For this reason, various methods have been developed to counteract or to the greatest possible extent prevent galvanic corrosion in parts made of Mg-based alloys. These methods comprise, on the one hand, measures for improving the corrosion resistance of the Mg-based alloy itself, for example by providing a high purity grade of the Mg-based alloy or its components, by homogenization of the Mg-based alloy throughout the component by heat treatment, and/or by targeted alloying with other elements, in particular rare earth metals, in order to obtain a stable and dense oxide layer on the surface of the component formed with the Mg-based alloy. On the other hand, coating methods and surface treatments are also known, which are intended to provide the surface of a component formed with Mg-based alloys with a layer such that a barrier is formed between the internal regions of the Mg-based alloys and thereby inhibit the electrolytic environment and galvanic processes. This includes, for example, chemical treatment (such as chromate coating), electrochemical treatment (such as galvanization), or applying a coating material to the surface of the component. However, this type of process is often associated with a great deal of effort, both in terms of component preparation and component coating.

Disclosure of Invention

This is solved by the present invention. The object of the invention is to specify a method of the type mentioned at the outset with which the corrosion resistance of components formed from Mg-based alloys is improved in a simple and feasible manner.

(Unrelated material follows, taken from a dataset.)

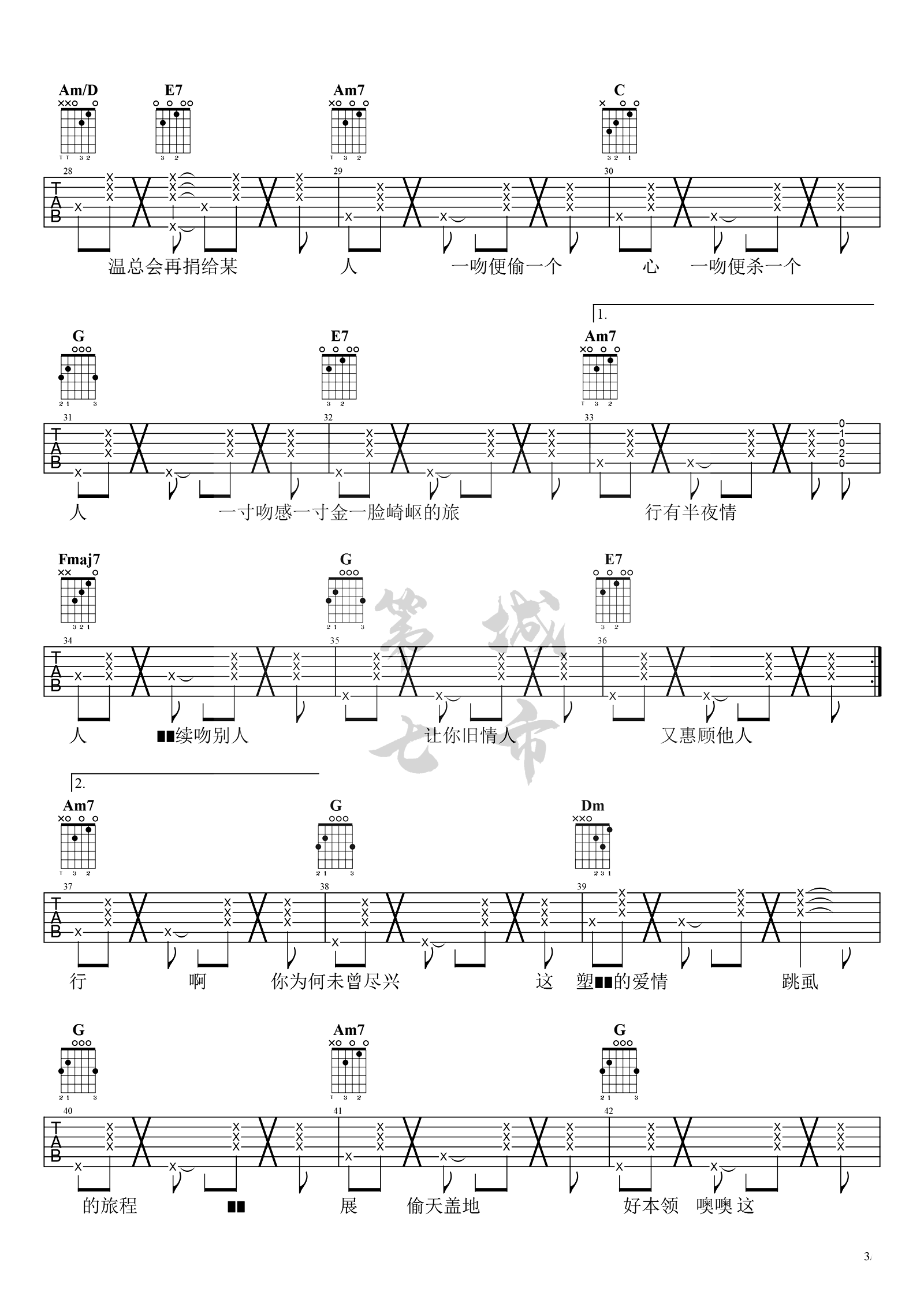 《杨千嬅《处处吻吉他谱》(C调)》内容来自于互联网,不能保证内容的准确性与完整性,仅供学习交流欣赏,请勿用于其它用途,内容版权归原作者及来源网站所有,如有侵犯到您的权益请来信告知,我们将及时删除。
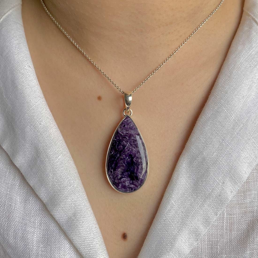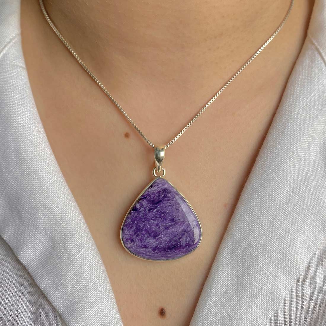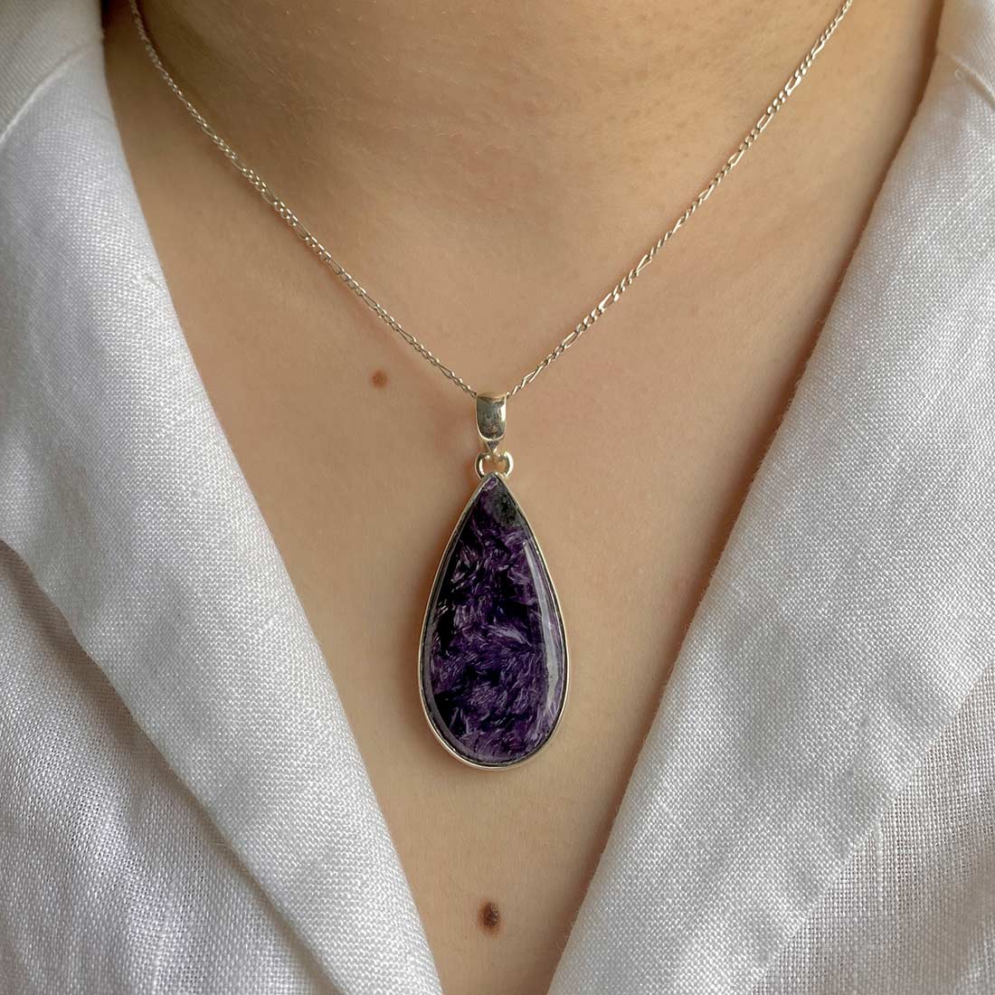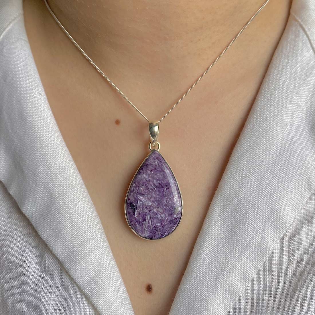 Till today, the charm of stylish and elegant gemstone pendants like charoite pendants is intact.. They come in different sizes and shapes, which you can mix and match with other materials and layering pieces to create a unique and striking look. They can be crafted in metal or sometimes with diamonds or gemstones, or they can be dainty and minimalist or large and statement eye-capturing. But whatever type of pendant you wear can bring extra drama and vibes to your look.

Another object is to specify a corrosion-resistant component of the type mentioned at the outset which has a high resistance to galvanic corrosion.

According to the invention, this object is achieved with a method of the type mentioned at the outset in that the surface layer of the component, which surface layer is formed from a magnesium-based alloy, is provided with a homogenized solid solution phase by heating the surface layer and is subsequently cooled so that the surface layer is formed with a supersaturated solid solution phase.

The invention is based on the idea of protecting a component formed with or from a Mg-based alloy against corrosion, not by applying an additional layer to the surface of the component or by chemically modifying the surface of the component, but by modifying the phase structure of a surface layer formed with or from a magnesium-based alloy, i.e. the outer layer of the component itself. Since only the phase structure of the surface layer of the component is modified, the remaining phase structure or microstructure composition of the component, or of the Mg-based alloy forming the component, remains unchanged, so that the mechanical properties of the component are substantially unaffected. For this purpose, a surface layer of the component is provided which is formed with or from a supersaturated solid solution phase or phase structure, in particular a homogenized supersaturated solid solution or phase structure, and the corrosion potential of the surface layer is thereby reduced. Thus, the surface layer forms a barrier or protective layer that prevents external galvanic corrosion exposure. This is achieved by heating the surface layer such that the surface layer is homogenized, i.e. the phases of the surface layer are decomposed and thus the surface layer is formed with or from a homogenized solid solution phase. The surface layer is then cooled, usually in a reinforced manner, in particular quenched, whereby in particular the formation of precipitates is severely inhibited or prevented, so that the surface layer is formed with or from a supersaturated solid solution phase. The surface layer thus has a certain thickness, typically a maximum of a few millimeters, whereby the remaining microstructure composition or phase structure of the component is substantially unaffected and the mechanical properties of the component are thus maintained without any change.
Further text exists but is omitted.